High-Performance Piezoelectric Nanogenerator Based on Odd–Odd Nylon Nanofibers for Wearable Electronics via Precise Control of Ferroelectric Phase and Orientation

Piezoelectric nanogenerators (PENGs) have been attracting considerable attention as an efficient solution for harvesting environmental mechanical energy. Among the piezoelectric materials for the fabrication of PENGs, piezoelectric polymers have shown unique advantages, particularly for self-powered systems in wearable devices. However, the variety of piezoelectric polymers studied for the PENG development has been relatively limited, leaving room for advancements in their performance. In this study, we introduced odd-odd piezoelectric nylon (nylon 11,11) for the first time for PENG fabrication. Electrospinning conditions were studied to yield nylon 11,11 nanofibers with uniform morphology and optimized piezoelectric crystalline states. The influence of concentration of the electrospinning solution on the fiber morphology and piezoelectric-active γ crystal structure is elucidated, and the applied electric field is found to be critical in controlling the orientation of the ferroelectric crystal domain. Further, the correlation between the outputs of the as-prepared PENG and the characteristics of the nanofiber mats was established. Finally, the piezoelectric output of PENGs fabricated by NF-20 reached the maximum values, an open-circuit voltage of up to 22.0 V and a short-circuit current of approximately 300 nA, when subjected to a compressive force of 20 N at a frequency of 5 Hz on an area of 6.25 cm2. Also, it enabled the conversion of mechanical energy into electricity with an instantaneous output power density of 9.13 mW m–2 (60.9 mW m–3, 0.18 GΩ).
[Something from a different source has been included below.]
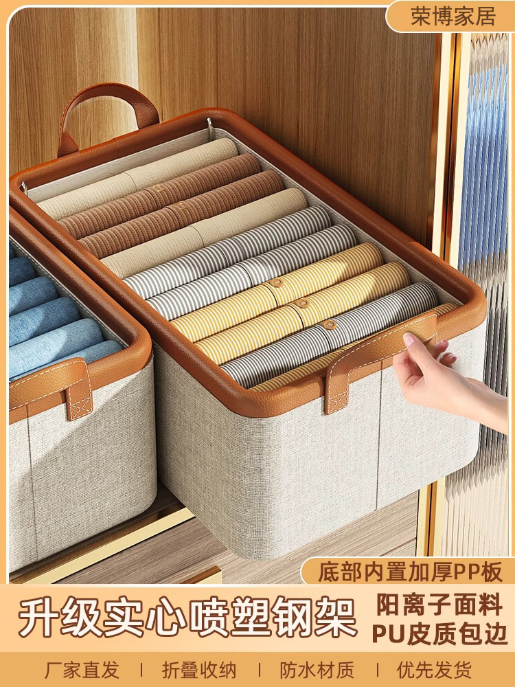 衣類収納ボックス家庭用箪笥層別整理ボックス衣類ズボン布芸綿麻折り畳み収納バスケット神器
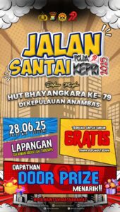 Anambas – ranaipos.com : Dalam rangka memperingati Hari Ulang Tahun (HUT) Bhayangkara ke-79 yang mengusung tema “Polri untuk Masyarakat”, Polres Kepulauan Anambas akan menggelar kegiatan Jalan Santai pada hari Sabtu, 28 Juni 2025, yang dipusatkan di Lapangan Sepak Bola Sulaiman Abdullah, Tarampa.

Importantly, the as-prepared PENGs consistently exhibit unwavering and reliable piezoelectric performance in a variety of practical applications, including continuous compression, successive daily wear, energy harvesting from routine physical activities, and the transition of sign language into electric signals. Therefore, nylon 11,11 nanofiber PENGs hold substantial potential and advantages for the design of self-powered devices and electromechanical responsive equipment. Piezoelectric nanogenerators based on nylon 11 enable efficient harvesting of environmental energy, serving as a green energy source.